My nephew Kyle got married today!!


OK ... Back to being stupid.

Thursday afternoon, after a long day at work, Pam decided to drag me to the beach for some relaxation.  Since I've rediscovered photography as a creative outlet for my stress (or at least for a fraction of my stress) I decided to take a few pictures while we were there.  Next thing I knew I was jumping amongst the rocks trying to get the perfect shot.

Yep ... that was stupid.  But in actuality my knee was feeling pretty good at the time.  Even when I jumped off the off the rocks it didn't hurt much more than it has recently.  Unfortunately the combination of rock jumping, walking across the sand and trying to outrun the incoming tide made my knee worse by that evening ... and then the next morning my left knee was a bit stiff and sore, but not to the degree that my right knee ever was.

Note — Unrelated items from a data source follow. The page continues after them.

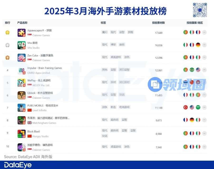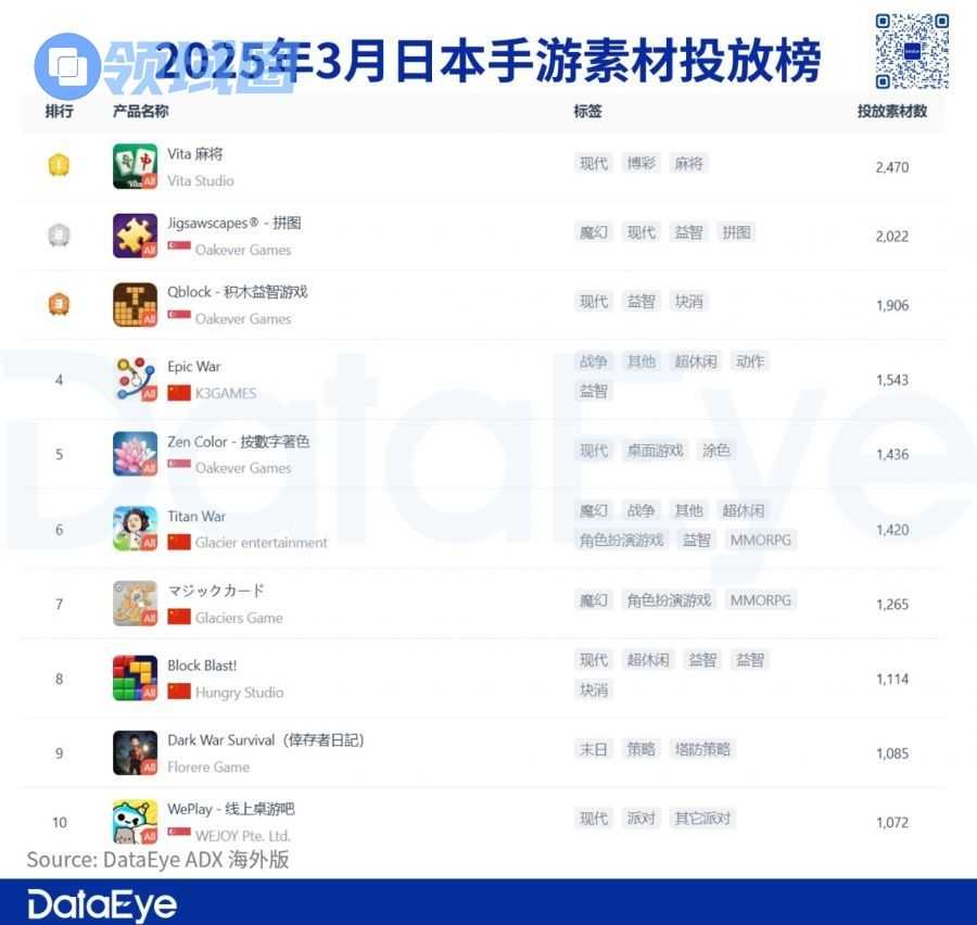 在3月的日本手游素材投放榜上,Oakever Games和冰川网络旗下的产品共占了6个位置,益智产品和副玩法买量是目前日本市场最活跃的投放类型。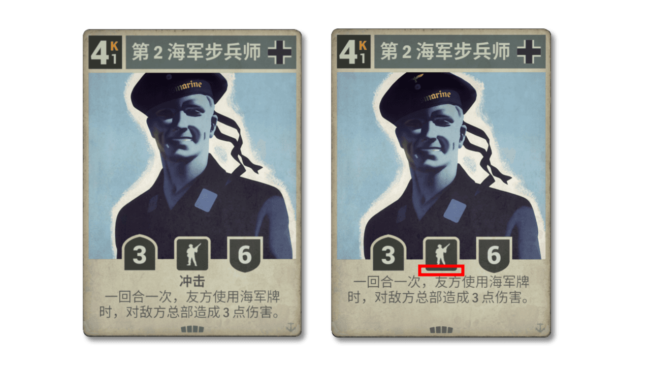 新:一回合一次,友方使用海军牌时,对敌方总部造成 3 点伤害。
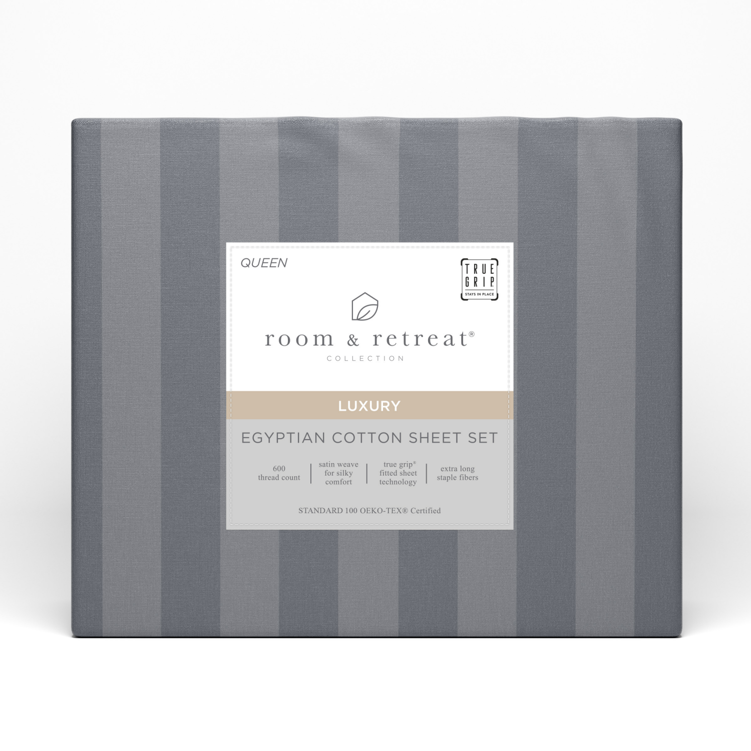 Room & Retreat 600 Thread Counts Damask Sheet Set, Queen, 4 Pieces Set, Grey
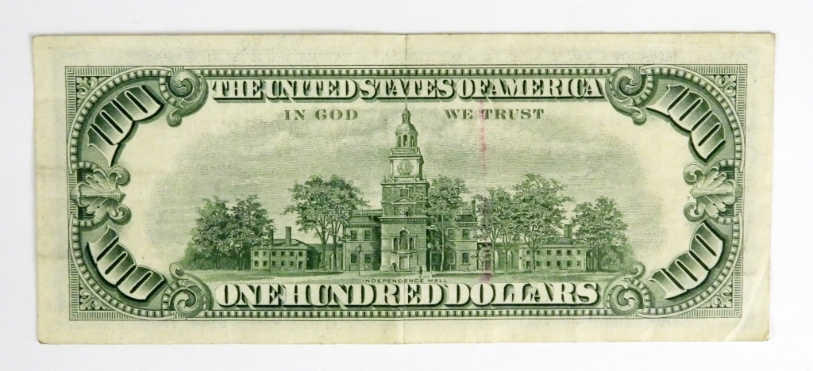 1966 $100 US NOTE, RED SEAL. NICE CIRC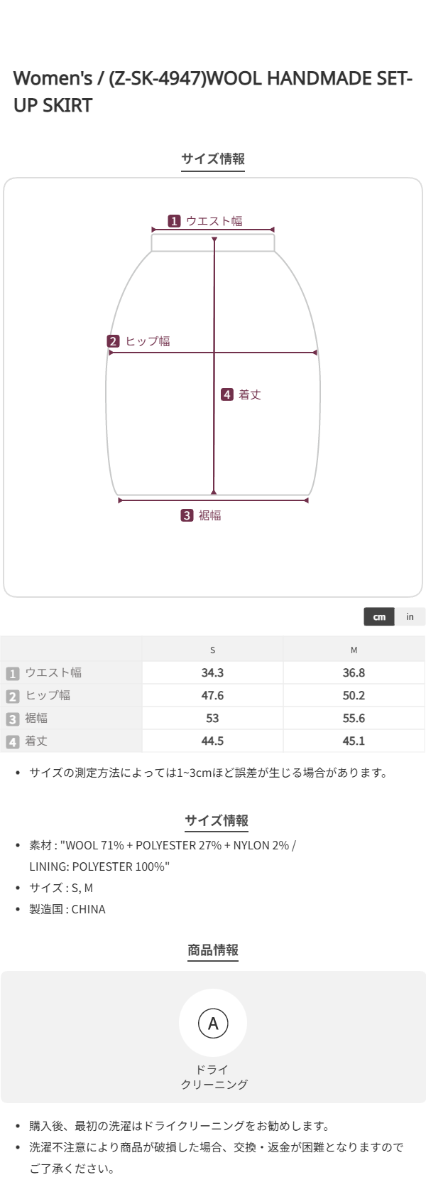 (Z-SK-4947)WOOL HANDMADE SET-UP SKIRT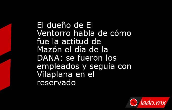 Al concluir la comida del 29 de octubre de 2024, el propietario de El Ventorro no percibió en Carlos Mazón ninguna muestra de inquietud ni apresuramiento. Así lo manifestó ante la jueza de Catarroja el pasado 21 de noviembre, en el marco de la investigación sobre la gestión de la dana que devastó la provincia y provocó la muerte de 229 personas, según ha informado Europa Press. Según su testimonio, la jornada transcurrió de modo habitual. “Fue como un día normal, un día más”, remarcó el hostelero ante la magistrada, detallando que vio al presidente de la Generalitat relajado al despedirse.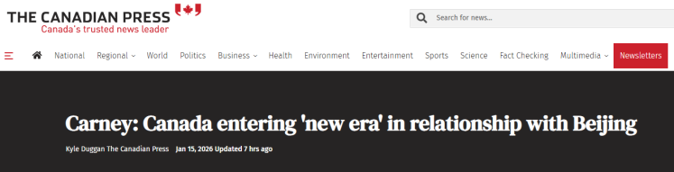 加拿大总理卡尼1月14日至17日对中国进行正式访问。1月16日,中加两国领导人会见,多家外媒高度关注。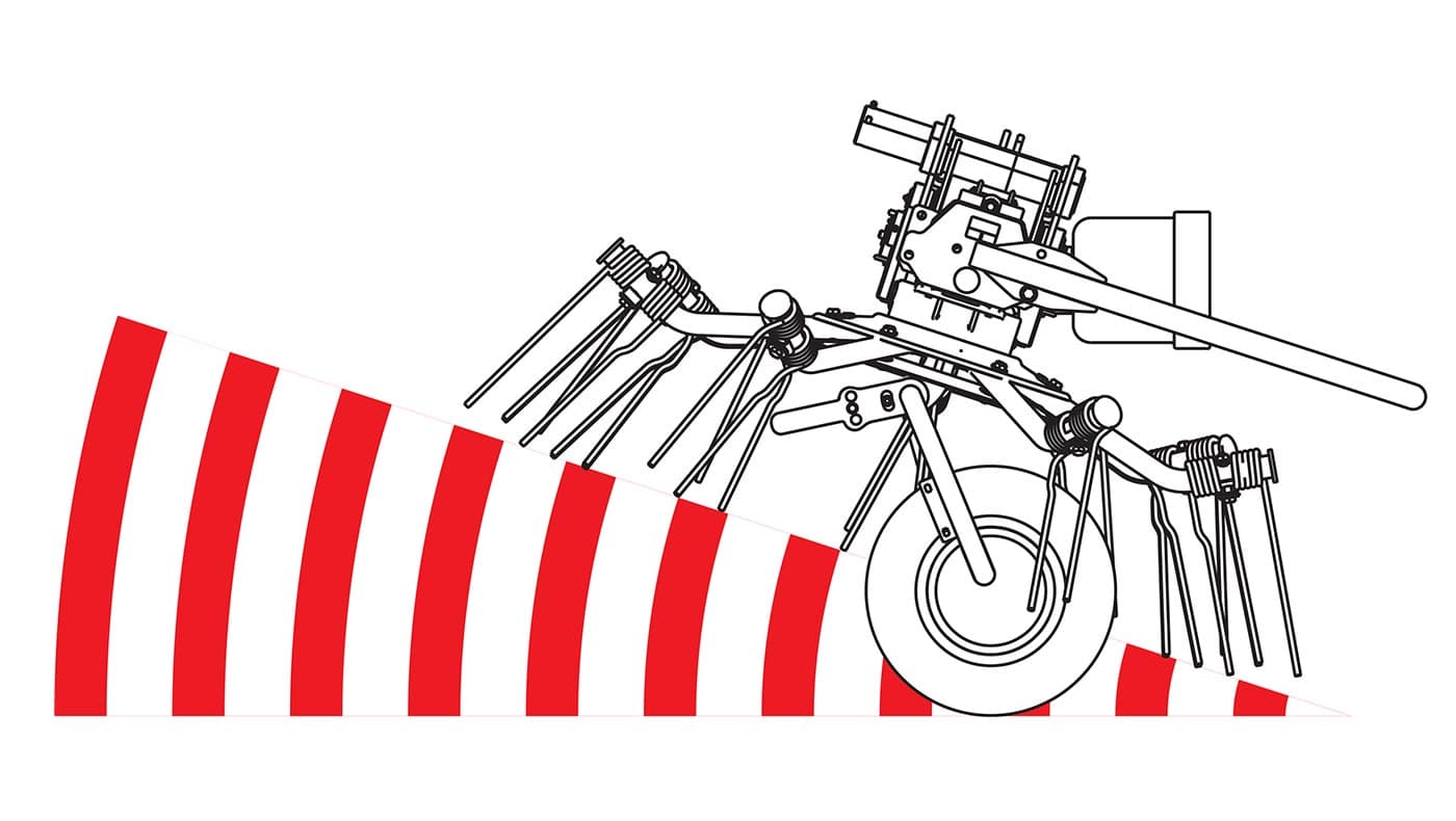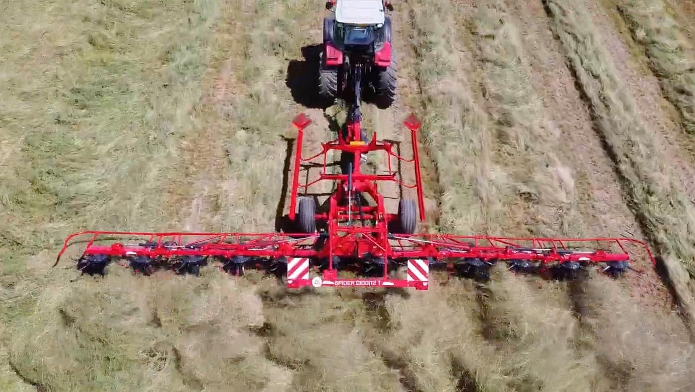 SPIDER 1300/12-T er en slept 12-rotors sprederive som er over standard på alle måter. Slitesterk og pålitelig konstruksjon, kombinert med rotorenes innovative design, sikrer jevn fôrspredning eller vending uten å skade gressmatta. Med stor arbeidsbredde gir den maksimal ytelse og energisparing.

The way I figure it is this might just be a good thing.  Since I'm already getting an MRI, and as far as I know they won't split me in half to get just the right knee, if there is an issue they'll discover it when they look at the MRI.  That may be stupid logic, but it is the best I can do at the time.

I can still walk, even walk fast for extended periods.  I can run short distances before my knee starts to hurt, but I can't possibly know that because I've been given orders not to run at all.  I am going to finish this marathon and earn my finishers medal and my beer no matter what.

By the way ... If I never post to this blog again it is because Pam has hung me upside-down and tortured me.  It seems her recollection of why we went to the beach may be a tad bit different than the version I posted here.

Oh, I almost forgot!  I saw the first hummingbird hanging around the hummingbird feeder when we got home this evening!!  Hopefully soon I'll be posting pics of the little things ... That is if Pam doesn't read this and take her revenge, that is.









Thursday, May 5, 2011

Well ... I know what it isn't

My knee x-ray was good - no problems with the bones in the area.  I kind-a figured that I didn't fracture anything, but we have to rule things out to figure out what it is.

The next step is an MRI.  I'd do the happy dance, but ... well ... I am a bit claustrophobic and the thought of being squeezed into a tiny tube doesn't thrill me.  And I can't dance.  Oh well.

If the last set of referrals and approvals is an example of my insurance then I should get my MRI sometime before the end of the world in 2012.

*Sigh*

Until then I'm not supposed to run.  I can walk as much as I want and I got permission to go back to spin class so I won't lose what little progress I made over the past months, but no running.

Monday, May 2, 2011

It's time for the update

that at least I was waiting for.

Paula and Julie - Thank you for the comments.  I definitely think the description of a young, athletic person is much more accurate than the article I read ... of course the article I read said it tends to bother teenage girls.

I've done pretty good at the icing - at least twice every day if not three times.  I took the mega doses of ibuprofen.  I resisted the urge to run.  I stayed away from spin class.  And I felt so edgy and miserable it wasn't funny.

Now here's where I'm supposed to say, "My knee feel so much better.  I plan on going for a long run tomorrow."  But I can't.  There really hasn't been much of a change - at least nothing really tangible.  The doctor ordered x-rays today and I have to wait until Thursday to find out what they

I do want to know why it is that I told the x-ray techs that my knee was hurting and the first thing they did was make me twist my knee in the most awkward position ... Did they not believe me that it hurt? ... Does the x-ray see the pain? ... Oh well.

I don't plan on letting the results stop me from finishing my first marathon, it is just a matter of how much running I will be doing during the event.  The only thing that will stop me from attempting the marathon is the doctor telling me that I may cause serious damage if I try to do that distance ... Only time will tell.